Task item: With the pictures omitted, write out all of the listing exactly.

Data section:

_ _ _ _ _ _ _

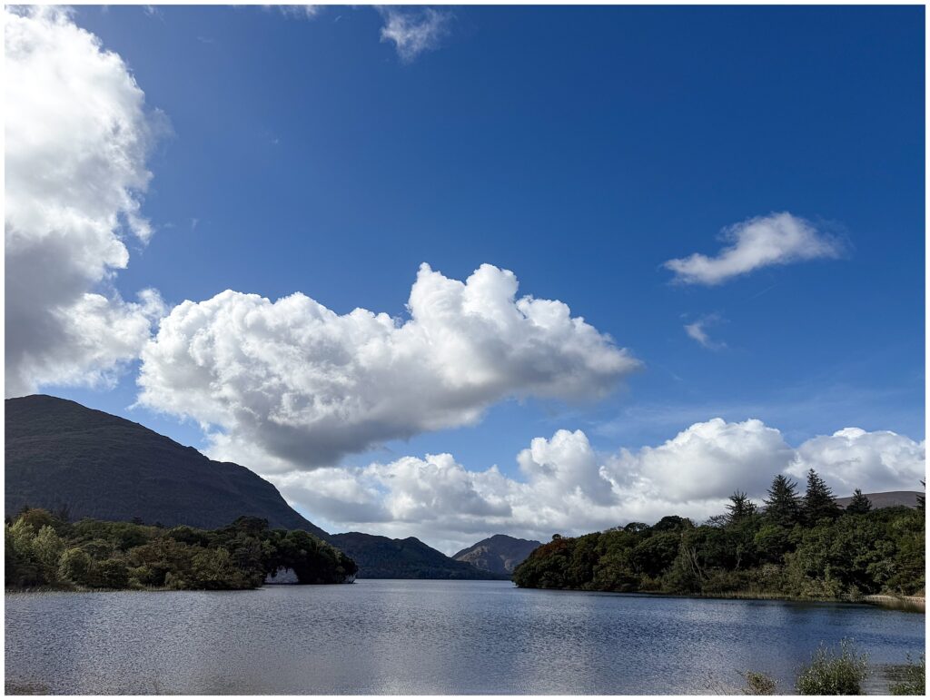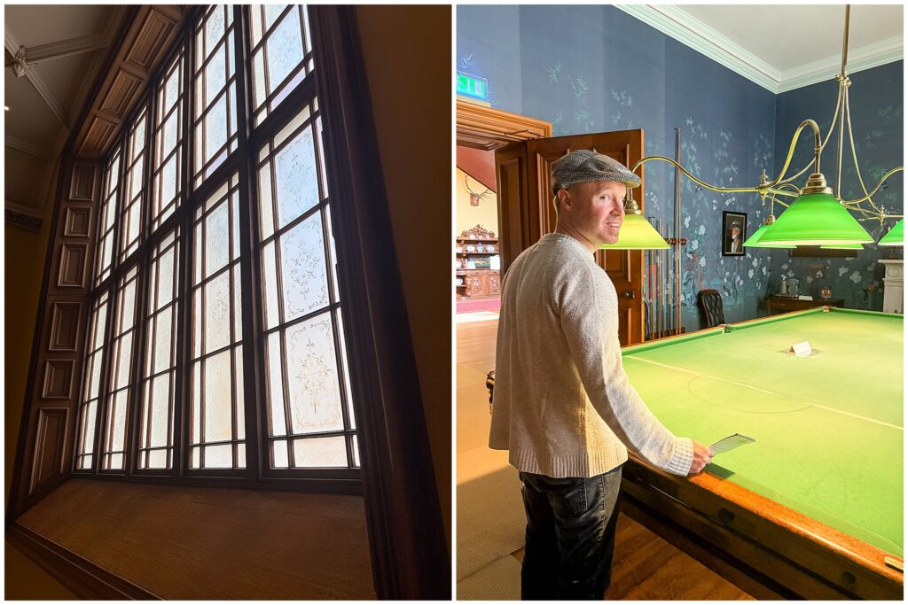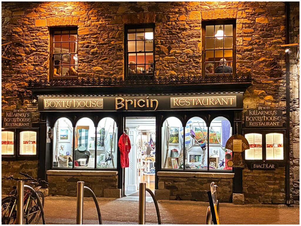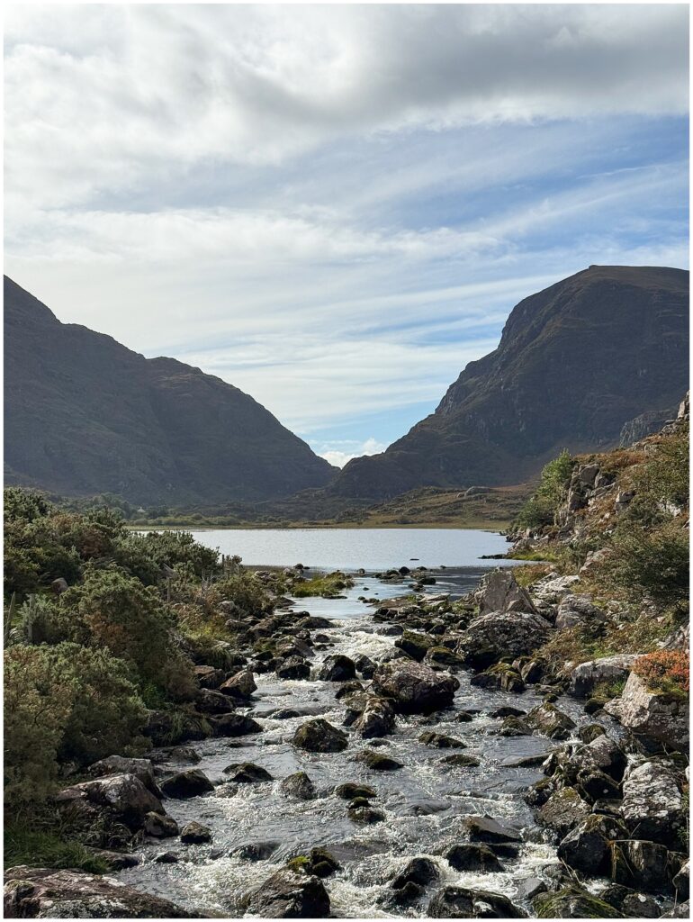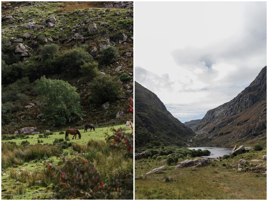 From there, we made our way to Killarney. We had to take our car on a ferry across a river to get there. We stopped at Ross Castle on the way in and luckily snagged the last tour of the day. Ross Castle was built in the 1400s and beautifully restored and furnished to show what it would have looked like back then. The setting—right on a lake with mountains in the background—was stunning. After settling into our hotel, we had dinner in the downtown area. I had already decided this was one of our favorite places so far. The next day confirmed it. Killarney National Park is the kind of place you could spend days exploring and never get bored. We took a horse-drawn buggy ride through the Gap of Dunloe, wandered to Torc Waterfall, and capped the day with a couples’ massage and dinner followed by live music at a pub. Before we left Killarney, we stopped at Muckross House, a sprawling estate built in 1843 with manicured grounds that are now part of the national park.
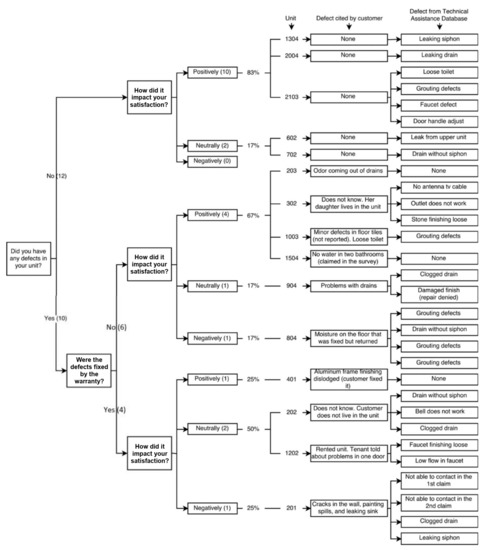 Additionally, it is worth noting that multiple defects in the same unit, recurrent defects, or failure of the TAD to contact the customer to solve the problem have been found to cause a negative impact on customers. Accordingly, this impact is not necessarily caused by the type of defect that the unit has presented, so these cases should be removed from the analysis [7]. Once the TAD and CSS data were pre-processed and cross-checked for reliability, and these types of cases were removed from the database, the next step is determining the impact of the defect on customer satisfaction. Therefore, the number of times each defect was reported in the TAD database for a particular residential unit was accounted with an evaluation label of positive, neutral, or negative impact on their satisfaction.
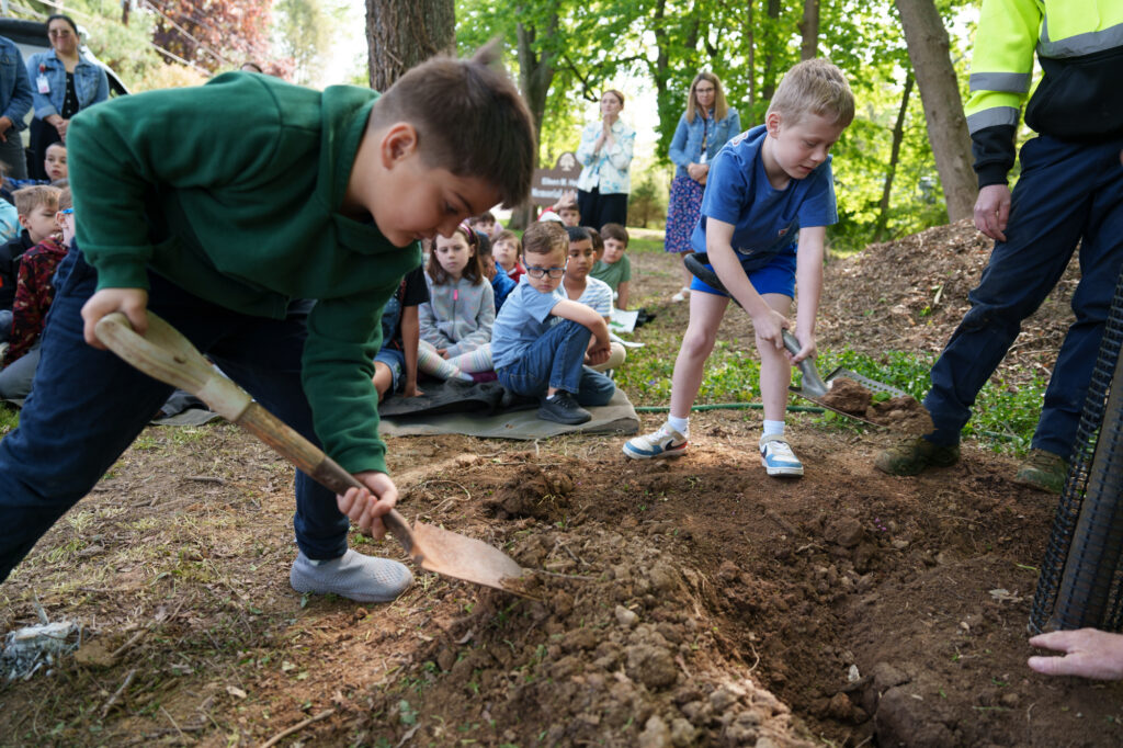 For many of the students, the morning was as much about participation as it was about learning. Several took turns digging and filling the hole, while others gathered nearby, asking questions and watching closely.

_ _ _ _ _ _ _

Written response:
 From there, we made our way to Killarney. We had to take our car on a ferry across a river to get there. We stopped at Ross Castle on the way in and luckily snagged the last tour of the day. Ross Castle was built in the 1400s and beautifully restored and furnished to show what it would have looked like back then. The setting—right on a lake with mountains in the background—was stunning. After settling into our hotel, we had dinner in the downtown area. I had already decided this was one of our favorite places so far. The next day confirmed it. Killarney National Park is the kind of place you could spend days exploring and never get bored. We took a horse-drawn buggy ride through the Gap of Dunloe, wandered to Torc Waterfall, and capped the day with a couples’ massage and dinner followed by live music at a pub. Before we left Killarney, we stopped at Muckross House, a sprawling estate built in 1843 with manicured grounds that are now part of the national park.
 Additionally, it is worth noting that multiple defects in the same unit, recurrent defects, or failure of the TAD to contact the customer to solve the problem have been found to cause a negative impact on customers. Accordingly, this impact is not necessarily caused by the type of defect that the unit has presented, so these cases should be removed from the analysis [7]. Once the TAD and CSS data were pre-processed and cross-checked for reliability, and these types of cases were removed from the database, the next step is determining the impact of the defect on customer satisfaction. Therefore, the number of times each defect was reported in the TAD database for a particular residential unit was accounted with an evaluation label of positive, neutral, or negative impact on their satisfaction.
 For many of the students, the morning was as much about participation as it was about learning. Several took turns digging and filling the hole, while others gathered nearby, asking questions and watching closely.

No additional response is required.